Got a terminal? This runs the whole thing in a throwaway repo — one command scaffolds it, makes a real commit, verifies it, and cleans up after itself:

pip install dos-kernel      # PyYAML is the only runtime dep
dos quickstart              # → SHIPPED AUTH AUTH1 … then NOT_SHIPPED AUTH AUTH2

One SHIPPED, one NOT_SHIPPED: the first is a claim git can back, the second is a claim nothing landed for. That contrast is the product. The demo closes with a router to wherever you already run agents — a Claude Code / Cursor tab (dos init --hooks), an MCP host, a CI step, or a fleet — so your next move is one line, not a docs dig. (Add --keep ./demo to keep the repo and poke at it. Don't even want the install? uvx --from dos-kernel dos quickstart runs the same demo ephemerally — nothing left behind.) The same thing by hand, in five lines, is docs/QUICKSTART.md.

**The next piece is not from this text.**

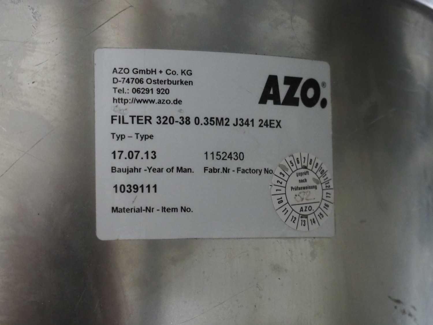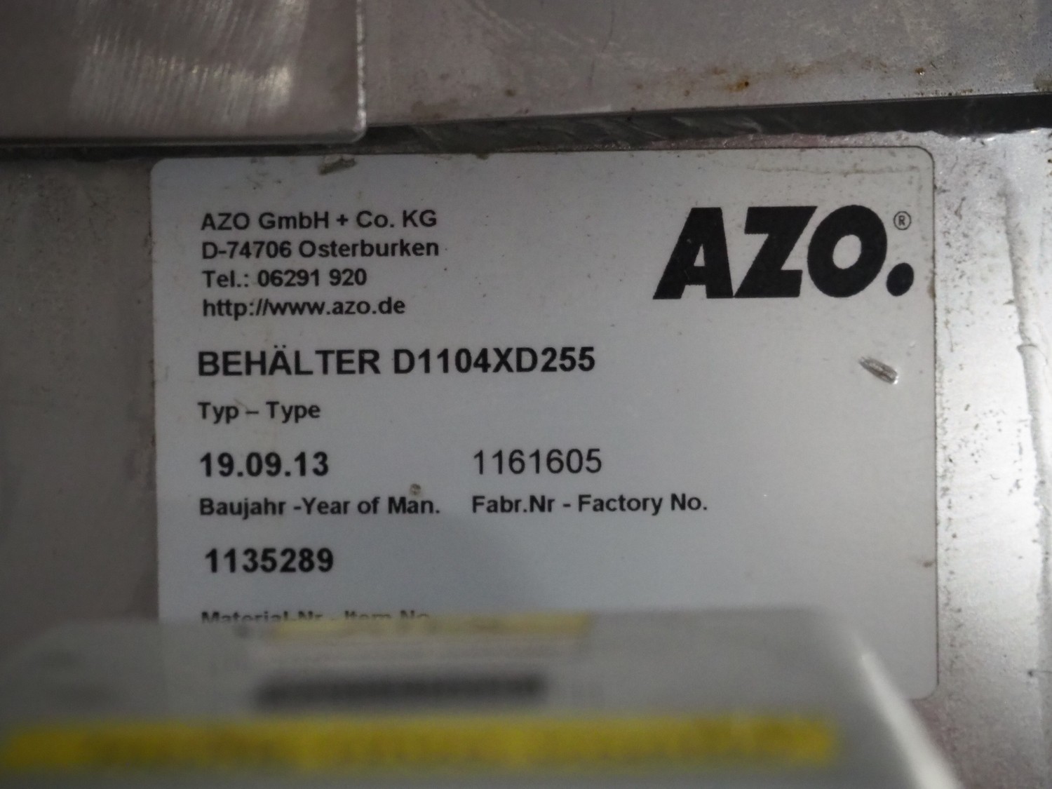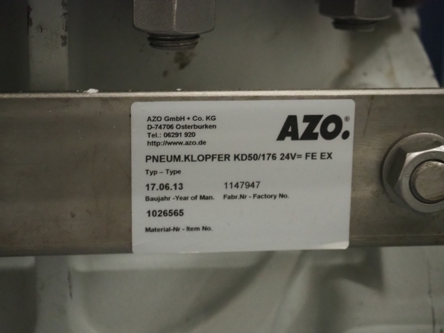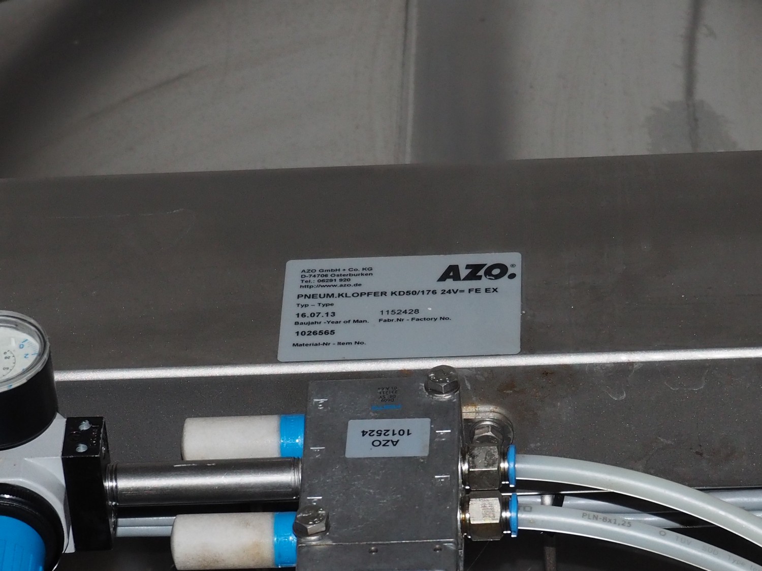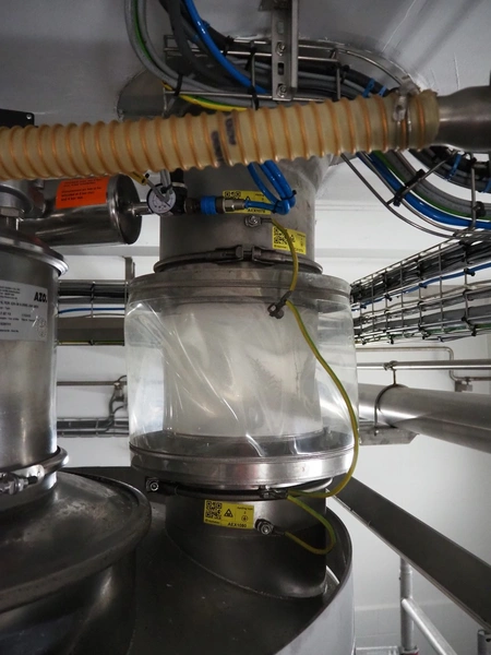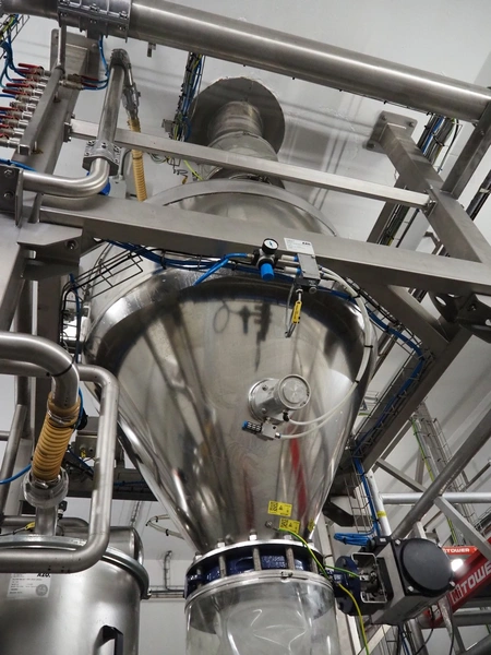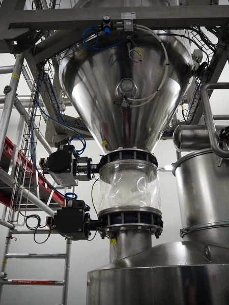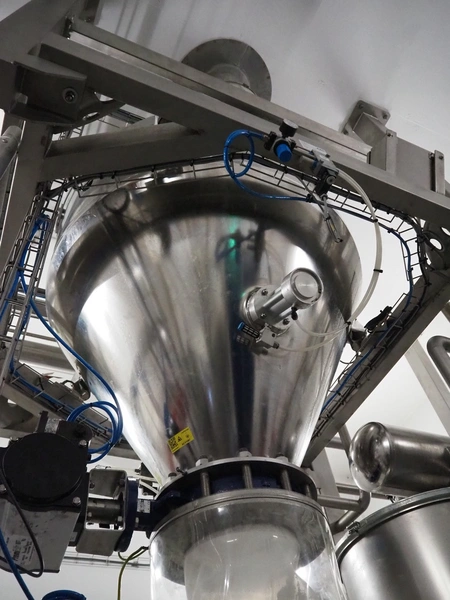 AZO GmbH + Co. KG pneumatic conveying system with 2 way valves including s/s platform, total dimensions: 2400 mm x 3100 mm x 4500 mm.

The dos verify money-moment. Two equally-confident agent claims, checked against git. Left, what the agent claims (forgeable): 'Shipped AUTH1 — the login endpoint is done' and 'AUTH2 is done too — all work completed!'. Right, what git actually records: one real commit e389e8b 'AUTH1: ship the login endpoint', and no commit anywhere mentions AUTH2. The two verdicts: dos verify AUTH AUTH1 finds the token in a real commit subject → SHIPPED, exit 0, via grep-subject; dos verify AUTH AUTH2 finds it nowhere → NOT_SHIPPED, exit 1, via none. The confident AUTH2 claim collapses the instant no commit backs it.
Two equally confident claims, one verdict each — SHIPPED for the one git can back, NOT_SHIPPED for the one nothing landed for. Every string is verbatim output of examples/demo/verify_demo.sh. Step through it locally for the click-through version (it's an HTML file — clone the repo and open it in a browser; GitHub shows its source, not the running page).

The smallest real win: in a CI step or dispatch loop, replace the line that trusts an agent's "done" with dos verify PLAN PHASE and branch on its exit code (0 shipped / 1 not). No parsing, no plan, no config — the CI integration cookbook walks it end-to-end. To run it on a repo shaped like yours, start with Onboard a repo in 10 minutes.

Point the same witness at a review queue when commits pile up faster than anyone can read them. Residual review folds commit-audit's per-commit verdict into three bands — CLEARED (the diff witnessed the claim, so spend ~0 attention re-asking "did it do what it said"), RESIDUAL (a claim git couldn't back — the human's 100%), and the no-claim rest. On this repo's own last 200 commits it cleared 170 of 171 checkable claims: that's the re-review you skip, proven by git rather than a model's confidence score. (CLEARED means the change's shape matched its claim — not that the code is correct; correctness review still applies to every commit. The band can only ever ask for more eyes, never fewer.)

Next level up — wire the verdict into your own stack: Wire it in.

What goes wrong in a fleet

Run a pile of agents at once with nobody refereeing, and here's how it goes: each worker reports its own success, and you believe the reports, because what else is there to go on? The unchecked problems pile up quietly — a lie here, two agents clobbering the same file there, a little scope creep, one worker spinning in circles — until the codebase sorta works and nobody can safely change it.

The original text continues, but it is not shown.